Off-market NNN property search is important so you can identify whether some owner of the NNN property is likely to sell or not. Here you should come across the most recent sale dates, property prices, some more property owner information, etc.

How Do You Finance NNN Properties?

Buying a commercial real estate investment property has some specific terms. The investor has to possess a minimum accredited net worth of 1 million dollars to even be able to acquire a federally insured bank or credit union, or even a private lender – which are always more “expensive”. 

There are of course other channels opened to smaller investors, including REITs, or real estate investment trust funds geared specifically toward NNN properties for sale.

Risks of Buying Triple Net Lease Properties

The NNN investing as well as many other types of CRE investing has some limitations that both parties should understand before entering a long-term lease agreement.

Limitation to Your Rental Earning Growth

The first risk you as a landlord will have to take is to know that no rent uprise is not allowed once the lease is signed – even if the property value spikes.

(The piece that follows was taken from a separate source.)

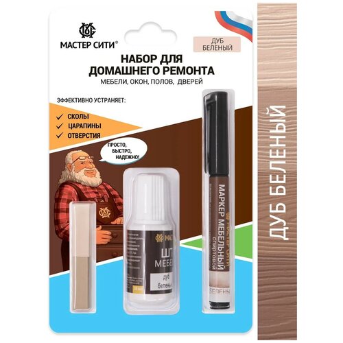Набор для реставрации мебели, воск/штрих/маркер, Дуб беленый

This is kind of a limitation to your potential earning growth

The Possibility For  Unreliable Tenants

Also, there is always the risk of the tenant failing to meet his obligations. Since investing in NNN properties signifies buying physical assets and (in a way) – the tenant who settles there, it is important to always consider that tenant’s investment credit rating! The more stable their monthly income is, the less likely they are to fail and not to pay rent.